Moscow, Russia – President Vladimir Putin signed a law this month granting two and a half acres of land to any Russian citizen who wants it.
“We’ve been blessed!” said a Russian official. “So here’s some free land. No, it’s not a trick. Take some free- trust me, brother, it’s not a trick. Here’s the contract, it’s very simple, you- no, there is no catch. Work the land for five years and it’s yours. No, it’s not full of land mines or radioactive bears. Take the land, please, and- take it or we’ll kill you. That’s better.”
“Oh no, we’d never do that,” said a Congressman. “Unless it’s to give away land to a company that’s reached the Angel tier of ‘donations.’ And yes, donations should be in massive air quotes. I mean, like, seventy five foot tall air quotes. In bold. Vibrating so it makes a sound that you can’t help but to look up and wonder, ‘how is it making that sound?’ sort of sound. Anyway, thank you for your support.”
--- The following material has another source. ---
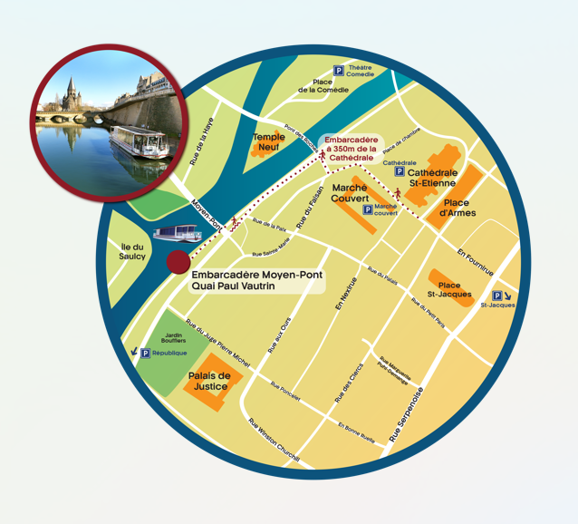 En bas du Quai Paul Vautrin, à moins de 4 minutes à pied de la cathédrale. Entre le Moyen Pont et les Régatesmessines.

Russia is also considering “giving back the remains or ashes of the millions of political dissidents killed in the past six years”, “opening up a few Wawas” and “seeing if this whole ‘being nice’ thing could be used for evil.”
“And that’s why I’m voting for the Socialist!” said a voter. “Because he promised to give us all land! What? Where? Oh no. No, no, no. Jesus, no!” She fell to the ground and screamed, “what have I done? Dear God, what have I done?”